WHAT YOU SHOULD DO ▸
In the records below, how many lines hold the word "with"? Give only the number.

INFORMATION ▸
○ ○ ○ ○ ○ ○ ○

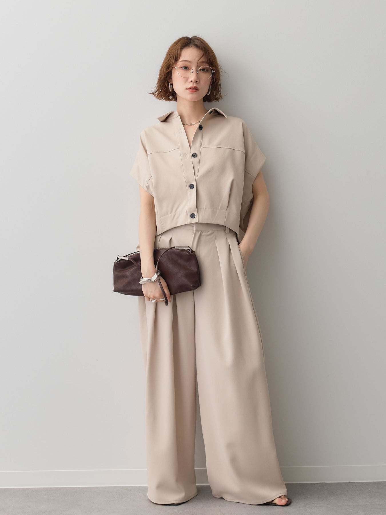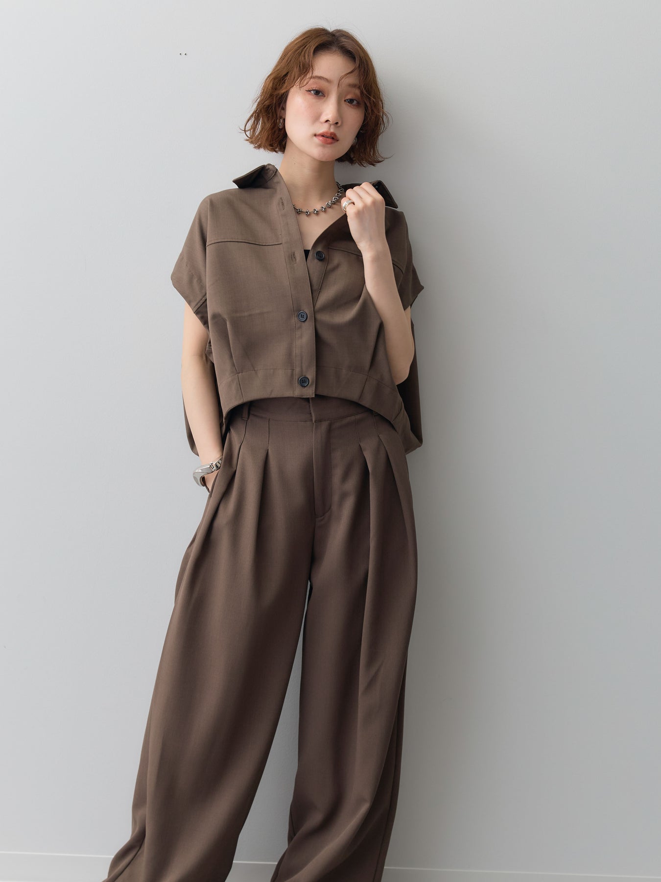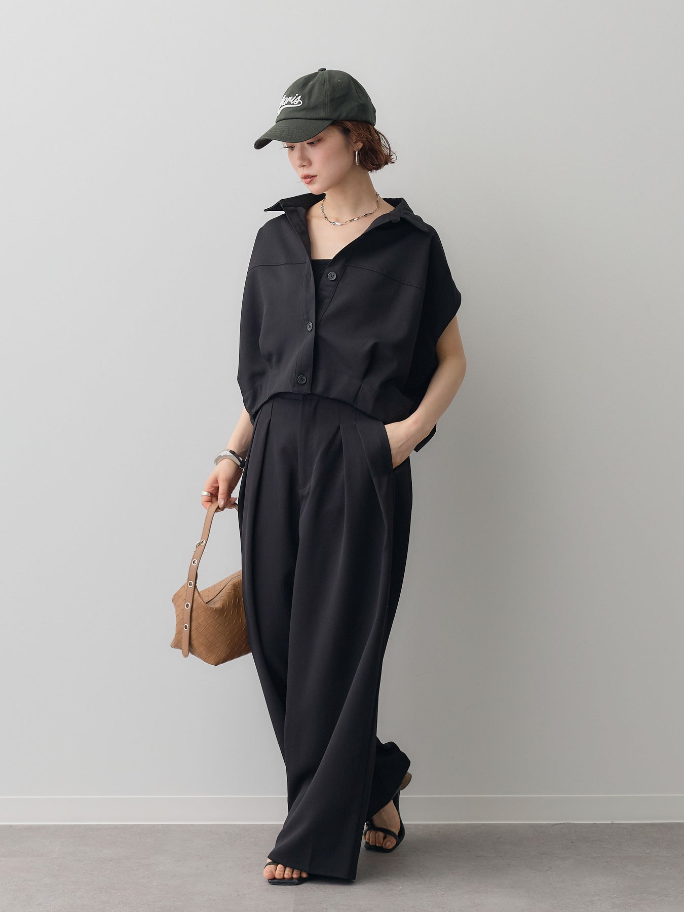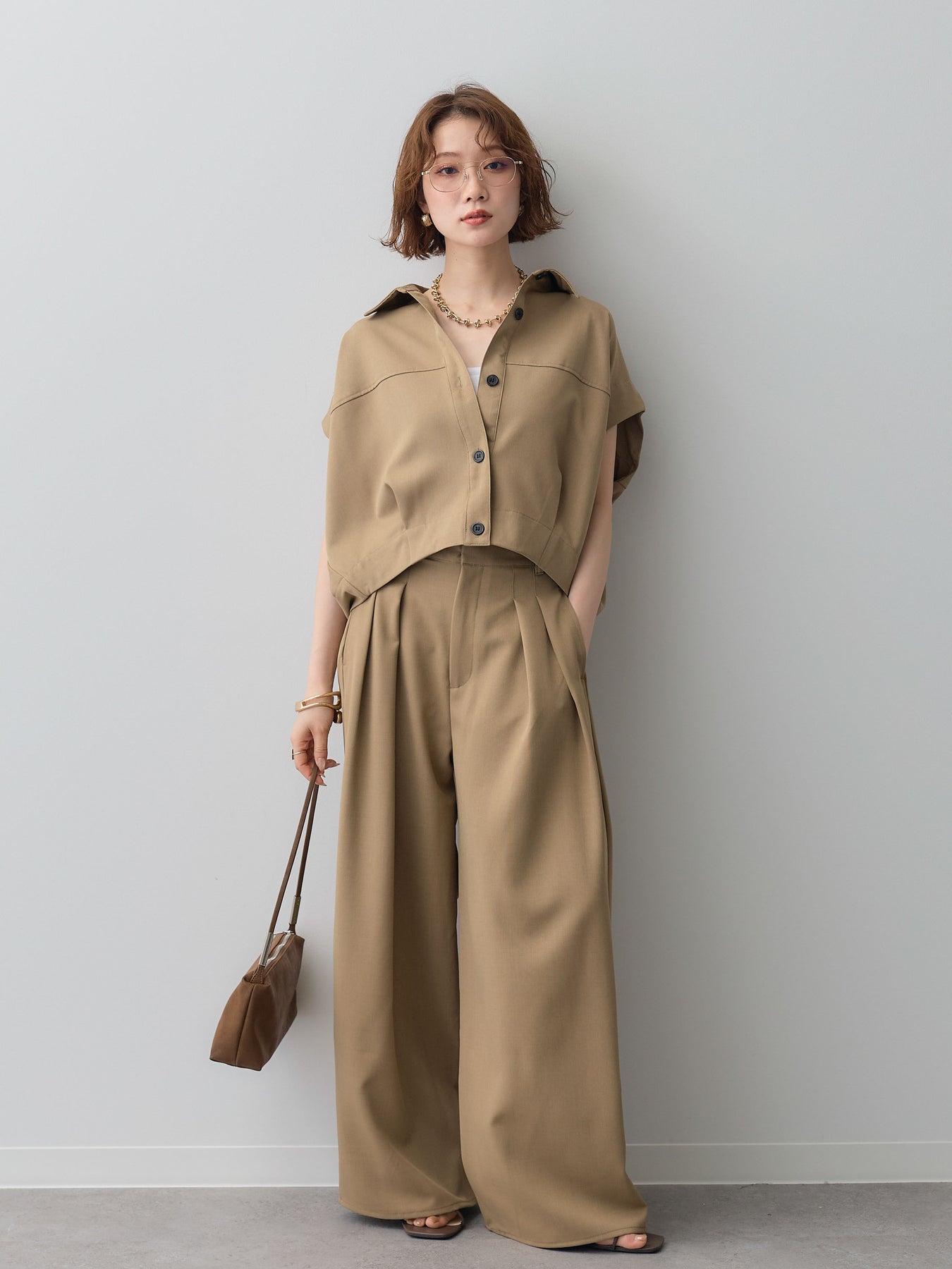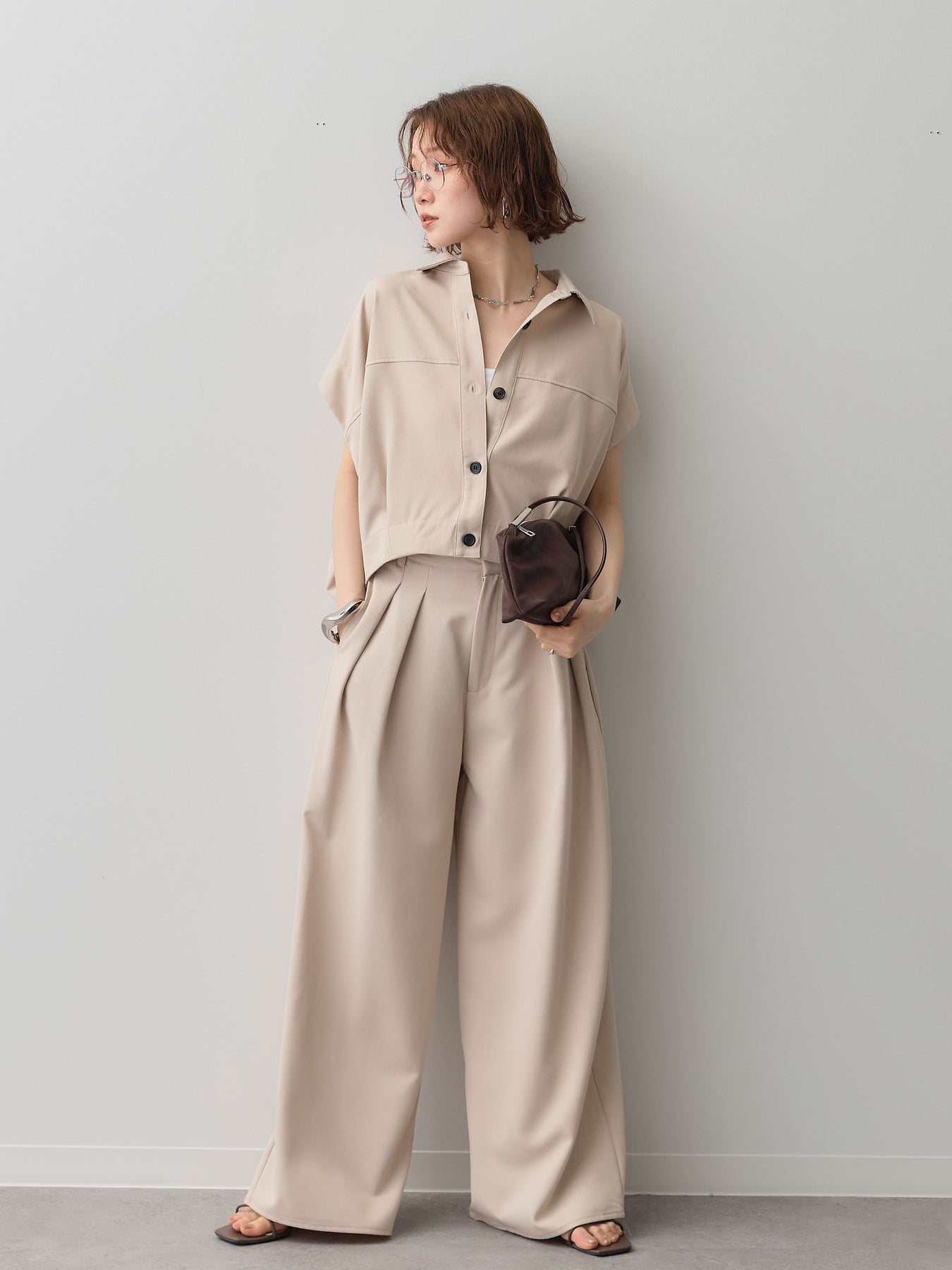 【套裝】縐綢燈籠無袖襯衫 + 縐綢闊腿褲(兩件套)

○ ○ ○ ○ ○ ○ ○

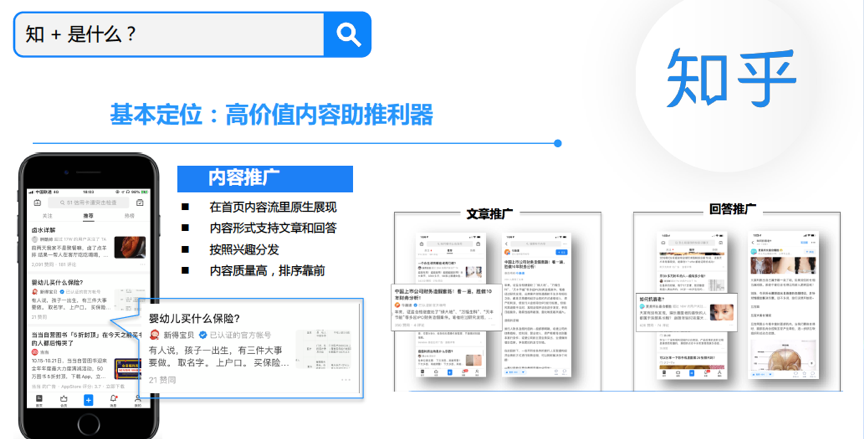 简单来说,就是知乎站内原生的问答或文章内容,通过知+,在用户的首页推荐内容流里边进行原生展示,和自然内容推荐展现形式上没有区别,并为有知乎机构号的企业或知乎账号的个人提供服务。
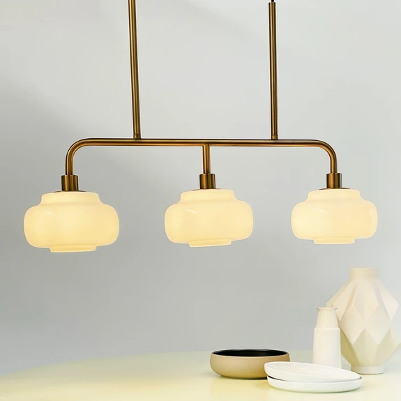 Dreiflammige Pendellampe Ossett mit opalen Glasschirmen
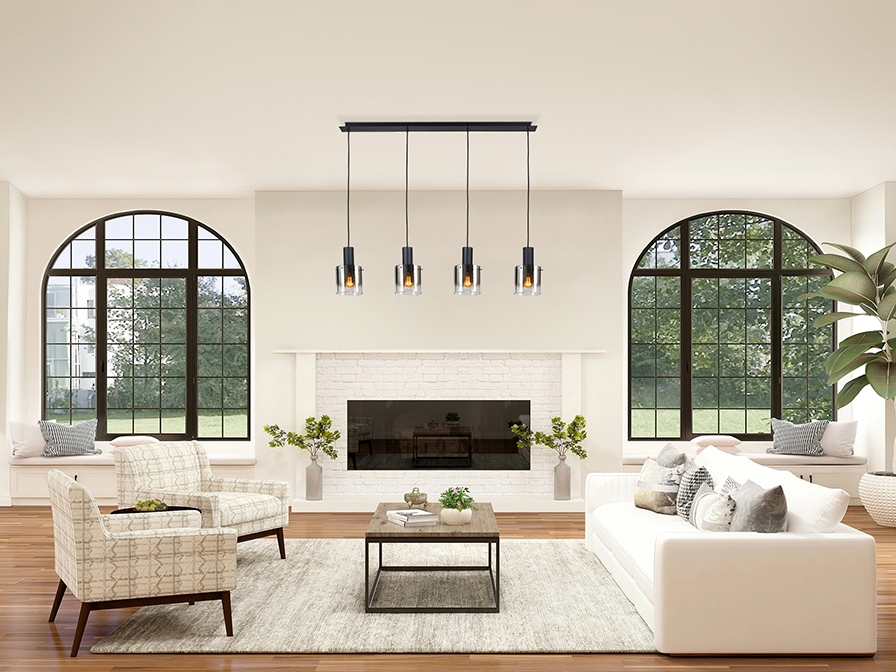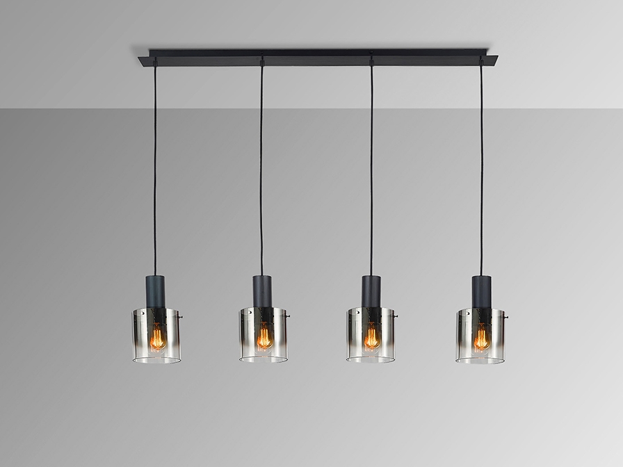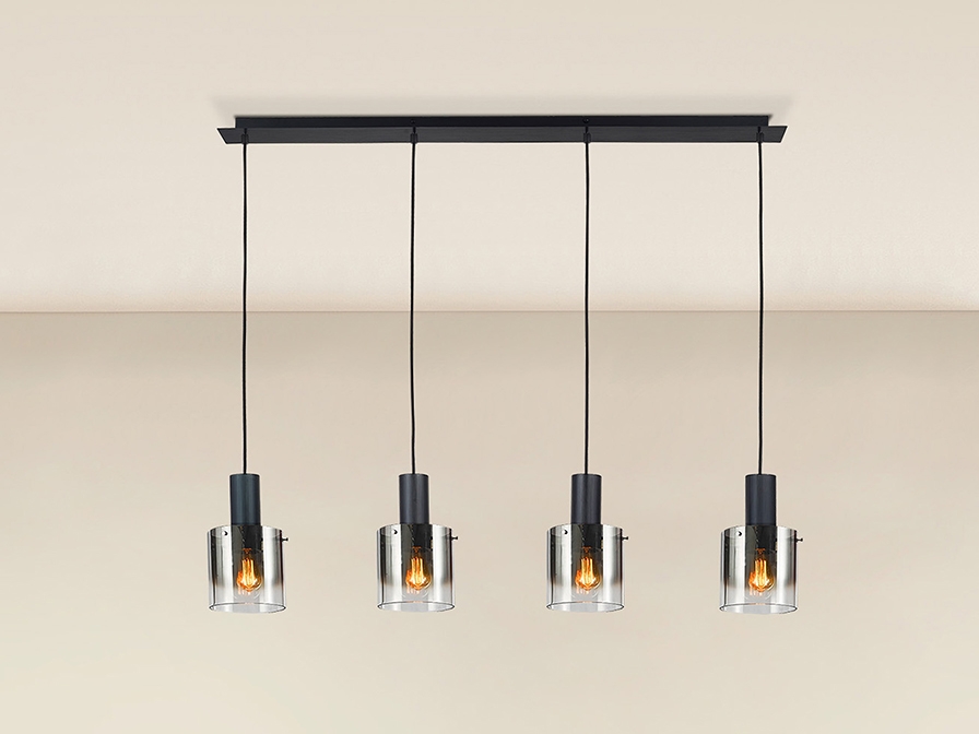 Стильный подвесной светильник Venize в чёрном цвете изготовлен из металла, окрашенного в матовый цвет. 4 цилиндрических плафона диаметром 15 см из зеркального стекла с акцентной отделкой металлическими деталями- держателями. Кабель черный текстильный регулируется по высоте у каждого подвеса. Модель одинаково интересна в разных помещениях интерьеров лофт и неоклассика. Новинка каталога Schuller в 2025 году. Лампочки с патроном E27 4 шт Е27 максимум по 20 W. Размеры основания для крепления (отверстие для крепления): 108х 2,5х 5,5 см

○ ○ ○ ○ ○ ○ ○

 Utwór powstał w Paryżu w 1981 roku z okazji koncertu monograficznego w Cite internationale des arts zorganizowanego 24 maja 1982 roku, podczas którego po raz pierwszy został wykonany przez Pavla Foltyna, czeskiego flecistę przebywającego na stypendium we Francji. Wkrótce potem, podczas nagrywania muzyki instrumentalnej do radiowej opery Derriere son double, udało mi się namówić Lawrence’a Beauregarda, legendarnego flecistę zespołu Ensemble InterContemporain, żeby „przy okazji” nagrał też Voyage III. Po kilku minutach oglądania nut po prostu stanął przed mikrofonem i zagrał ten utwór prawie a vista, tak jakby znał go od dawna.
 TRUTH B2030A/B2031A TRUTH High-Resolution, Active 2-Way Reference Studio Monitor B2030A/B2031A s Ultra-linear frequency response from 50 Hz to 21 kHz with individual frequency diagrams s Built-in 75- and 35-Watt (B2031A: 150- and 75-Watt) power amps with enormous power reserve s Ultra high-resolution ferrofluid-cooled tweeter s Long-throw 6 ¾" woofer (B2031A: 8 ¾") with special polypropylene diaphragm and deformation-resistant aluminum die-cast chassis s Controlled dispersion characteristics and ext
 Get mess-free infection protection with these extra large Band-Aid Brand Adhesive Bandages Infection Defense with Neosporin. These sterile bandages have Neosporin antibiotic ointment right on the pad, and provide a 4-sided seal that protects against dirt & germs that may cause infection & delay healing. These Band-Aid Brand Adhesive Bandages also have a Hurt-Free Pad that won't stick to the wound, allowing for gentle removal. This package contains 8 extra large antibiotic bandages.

○ ○ ○ ○ ○ ○ ○

YOUR RESPONSE ▸
2